В мозгах Вожатого кружились прекрасные видения...
В это же самое время, буквально в пятидесяти метрах отсюда, в кустах боярышника сидел Петька и с силой дул в фильтр зажженной сигареты, извергая при этом столб грязно-серого дыма такой высоты, что окажись кто рядом... но все были на линейке и Петьку на сей раз пронесло.
Через два дня пионер сам подошел к Вожатому.
- У меня остались только две сигареты!
"А у меня только одна доза", - сосчитал Вожатый. Он сидел в служебной комнате и подсчитывал процент проведенных за неделю культурно-оздоровительных мероприятий от плана.
- Петь, так же сделаем?
- Ага. Только я хочу две пачки.
"Я тоже хочу", - решил Вожатый: "Это будет стоить... щас-щас... Вот. Пятьдесят восемь рублев. Или рубелей. Смотри кому как больше нравится."
- Рубелей. Пятьдесят восемь. Ага. Пошли звонить?
- Погоди, Петь. Давай я тебе цифру на ладони нарисую, чтобы ты не забыл. Во! А теперь пойдем.
Гаврилову Вожатый отдал рубль, тот самый из остатка за прошлые дозы. Петька звонил долго.
- Он говорит, а зачем тебе, - высунул наконец он свою морду из комнаты.
Вожатый похолодел.
- Кому, мне?
- Да не! Он у меня спрашивает, зачем мне рубели.
- Скажи это... Конфеты! Нет, блядь... Мороженое! Что-же, что-же, что-же... А! Взятка! - сообразил Вожатый. - Скажи, что тебе надо дать взятку! Твой папа поймет! Иди!
Петька поговорил еще с минуту, затем вышел.
- Папа меня похвалил и обещал прислать семьдесят!
От такой удачи Вожатому захотелось воспарить кречетом и огласить окрестности торжественным воем!
- Я дам тебе три пачки, Петька! - провозгласил он. У него еще оставались восемьдесят восемь копеек. "Черт с ними, хорошие отношения тоже не помешают. Только надо еще клизму купить, надоело ходить обосраным... уже пионеры смеются."
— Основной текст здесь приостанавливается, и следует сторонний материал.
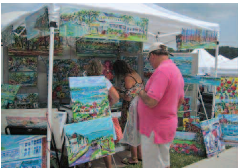
The 45th Annual Charlevoix Craft Show will take place in downtown Charlevoix's East Park on Saturday and Sunday, July 13th and 14th.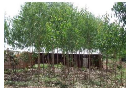
Young trees in Kikonge

Meanwhile trees were still being planted; Kennedy estimates that after three years as many as six hundred families were involved in tree planting in one way or another. And as the trees grew and transformed the landscape, the lives of an increasing number of people in the area were also being transformed.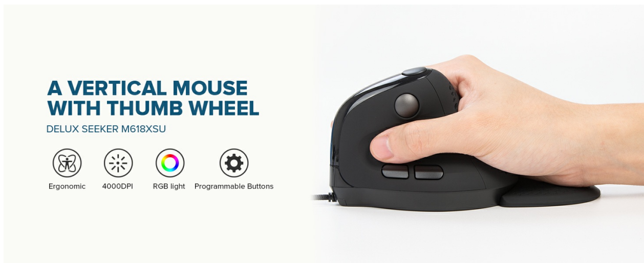
Image 1.1: The DeLUX Seeker M618XSU vertical mouse, highlighting its ergonomic design and thumb wheel feature.

The DeLUX Seeker M618XSU is a wired ergonomic vertical mouse designed to provide a comfortable and natural hand position, reducing wrist strain often associated with traditional mice. This manual provides detailed instructions for setting up, operating, maintaining, and troubleshooting your new mouse. Key features include a unique vertical design, a thumb wheel for horizontal scrolling, adjustable DPI settings, RGB backlighting, and a magnetic detachable wrist rest.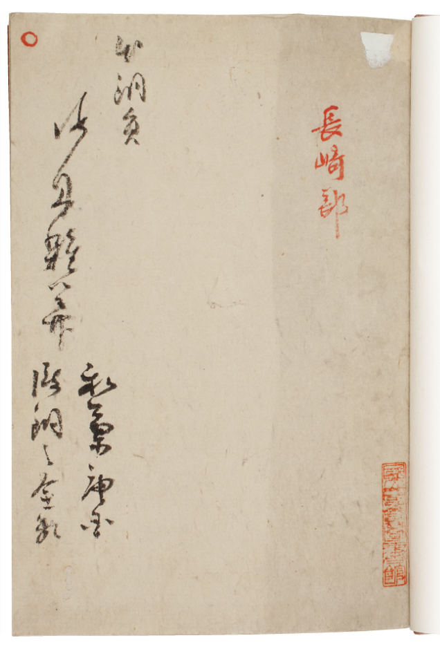
Kaishu zassan 5; NDL Call No. 勝海舟関係文書 16-5 (Katsu Kaishu documents 16-5);

Left: internal text; Right: original cover<sup>1</sup>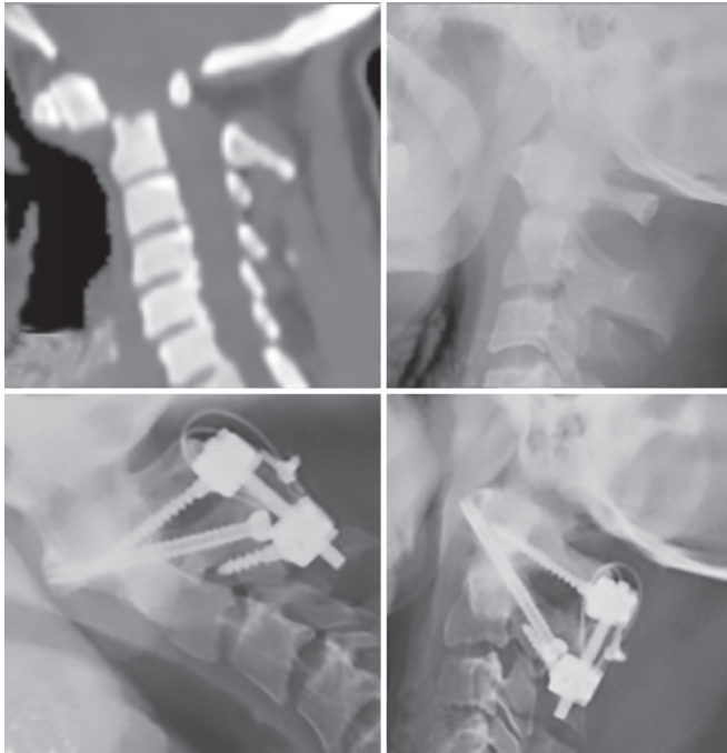
Fig. 3: 49-year old male with a completely displaced type II odontoid fracture (a) that reduced on traction (b). He underwent a C1-2 left transarticular screw insertion and right C1, C2 lateral mass screw fixation. 1 year follow-up lateral radiographs (c) flexion, (d) extension show bony fusion and no instability.

develop any new neurological deficits and were ASIA grade E at presentation and on last follow-up. There was no mortality in our series.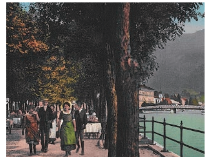
The Promenade "Esplanade" at the Beginning of the 20th Century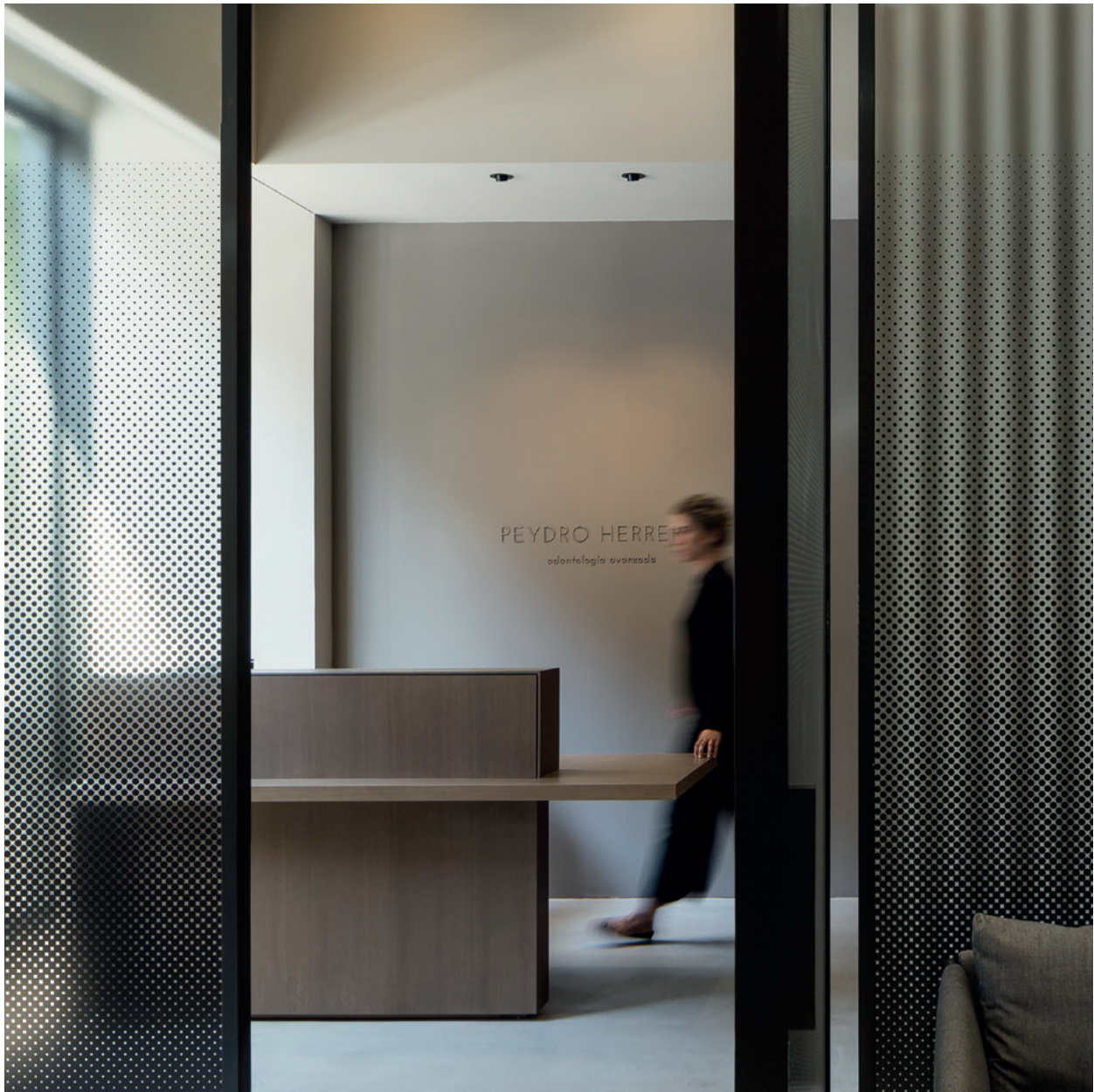
Peidro Herrero - Odontología Avanzada, Valencia (Spain) | Design: Francesc Rifé Studio

2018 WINNER EUROPEAN PRODUCT DESIGN AWARD

Операция снова удалась: Вожатый приобрел двенадцать доз (по пять шестьдесят пять), а также клизму; Петька получил свои три пачки и две коробки спичек, которые тут-же спрятал в щель под кроватью соседа.
От свалившихся за последние дни удач Вожатый охренел совершенно: он употреблял уже по две дозы в день, забросил служебные обязанности; вот только говном от него больше не пахло, а пахло той самой вонючей никогда не высыхающей лужей прямо за тиром, где часами валялся теперь воспитатель советской пионерии, шипя и царапая пустоту отросшими за недели ногтями. В конце концов его вызвали к директору лагеря. В кабинете директор был не один, а в компании с главврачом.
- Вы это, чего... - начал Вожатый.
Директор взглянул на вонючее небритое чудовище с мутными глазами, затем вопросительно посмотрел на докторшу. Та еле заметно кивнула.
- Понятно, - сказал директор. Бывший военный, он был человеком добрым и справедливым; его любили как дети, так и персонал. - Ублюдок! Наркоман! Пидарас! Вон отсюда! Вон из лагеря! Заявление на стол, мразь, сука, блядь, сионист, антисоветчик!